Count IV alleges that “[t]he acts, omissions, and conduct of all defendants in this cause of action constitute assault, battery, intentional infliction of emotional distress, and due process violations of the Constitution of the Commonwealth of Pennsylvania and state law.” The City argues that these state law claims should be dismissed because they are barred by Pennsylvania’s Political Subdivision Tort Claims Act, 42 Pa. Cons. State. Ann. § 8541, et seq. (the “Tort Claims Act”). The Tort Claims Act grants broad immunity to local agencies, such as the City, providing that “‘no local agency shall be liable for any damages on account of any injury to a person or property caused by any act of the local agency or an employee thereof or any other person.’” Sanford v. Stiles, 456 F.3d 298, 315 (3d Cir. 2006) (quoting 42 Pa. Cons. Stat. Ann. § 8541)).

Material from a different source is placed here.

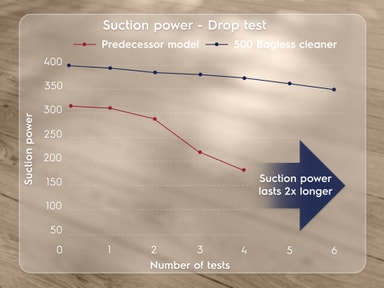 Syklonseparatoren reduserer avbrudd forårsaket av tilstopping, samtidig som det store støvkammeret er enkelt å tømme og lar deg bruke 500 Bagless-støvsugeren lenger mellom turene til søppelbøtta.

There are eight exceptions to this broad immunity, permitting the imposition of liability for negligence relating to:

(1) the operation of a motor vehicle in the possession or control of a local agency;
(2) the care, custody or control of personal property in the possession or control of a local agency; (3) the care, custody or control of real property; (4) a dangerous condition created by trees, traffic controls, or street lights; (5) a dangerous condition of utility service facilities; (6) a dangerous condition of streets; (7) a dangerous condition of sidewalks; (8) the care, custody or control of animals in the possession or control of a local agency.

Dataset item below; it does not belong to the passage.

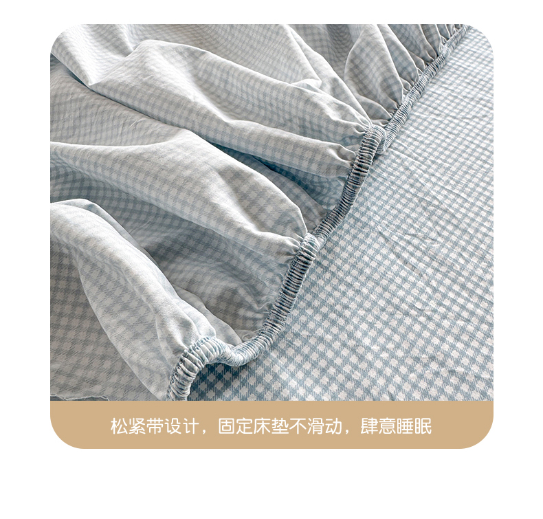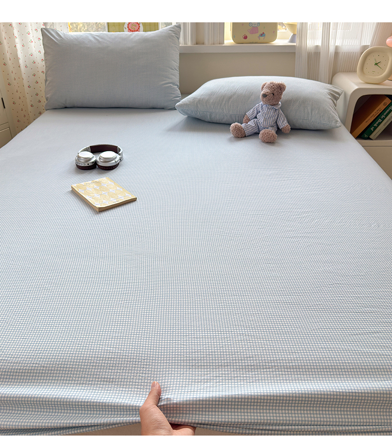 • 91家纺网 家纺一手货源 找家纺 沐芷 2026 【提供买家秀】古法水洗仿棉床笠席梦思床罩床垫防滑床套罩床笠三件套 迷你格-蓝

Id. at 315 and n.18 (citing 42 Pa. Cons. Stat. Ann. § 8542). Moreover, there is no exception to the City’s immunity for the “‘criminal, fraudulent, malicious or willful/intentional misconduct of [its] employee.’” Gallashaw v. City of Philadelphia, 774 F.Supp.2d 713, 719 (E.D. Pa. 2011) (quoting Hardy v. Big Beaver Falls Sch. Dist., 9 Pa. D. & C. 5th 482, 485 (Beaver Cnty. Court of Common Pleas 2009)); see also Acker v. Spangler, 500 A.2d 206, 207 (Pa. Cmmw. Ct. 1985) (stating that the Tort Claims Act does not create an exception “to the general rule of immunity” for the “willful tortious conduct” of an agency’s employees). We agree that none of the exceptions to the City’s immunity under the Tort Claims Act apply in this case. We conclude, accordingly, that Count IV should be dismissed for failure to state a facially plausible state law claim against the City upon which relief may be granted.

IV.CONCLUSION

For the foregoing reasons, we grant the City’s Motion to Dismiss in its entirety. Although Plaintiff has not sought leave to file a second amended complaint, we grant her leave to amend Counts I, II, and III to state facially plausible claims against the City for violation of Title VII and the ADEA, and for municipal liability under Section 1983. See Alston v. Parker, 363 F.3d 229, 235 (3d Cir. 2004) (stating that “even when a plaintiff does not seek leave to amend, if a complaint is vulnerable to 12(b)(6) dismissal, a District Court must permit a curative amendment, unless an amendment would be inequitable or futile” (citing Grayson v. Mayview State Hosp., 293 F.3d 103, 108 (3d Cir. 2002))). However, since the Tort Claims Act provides the City with immunity for the state law claims asserted in Count IV, we conclude that amendment of those claims would be futile and we deny Plaintiff leave to amend Count IV. If Plaintiff chooses to file a second amended complaint, she must do so no later than March 31, 2014. An “‘application for dismissal of this action may be made if a timely amendment is not forthcoming within that time.’” Id. (quoting Shane v. Fauver, 213 F.3d 113, 116 (3d Cir. 2000). An appropriate order follows.

ORDER

AND NOW, this 26th day of February 2014, upon consideration of the Motion to Dismiss filed by the City of Philadelphia, (Docket No. 6) and Plaintiff’s response thereto, IT IS HEREBY ORDERED as follows:

1. The City’s Motion to Dismiss is GRANTED;
2. Counts I, II and III of the Amended Complaint are DISMISSED WITHOUT PREJUDICE. Plaintiff may file a second amended complaint on or before March 31, 2014 that cures the deficiencies in her Title VII and ADEA claims (Count I), as well as her § 1983 claim for failure to train and supervise (Counts II and III); and
3. Count IV is DISMISED WITH PREJUDICE.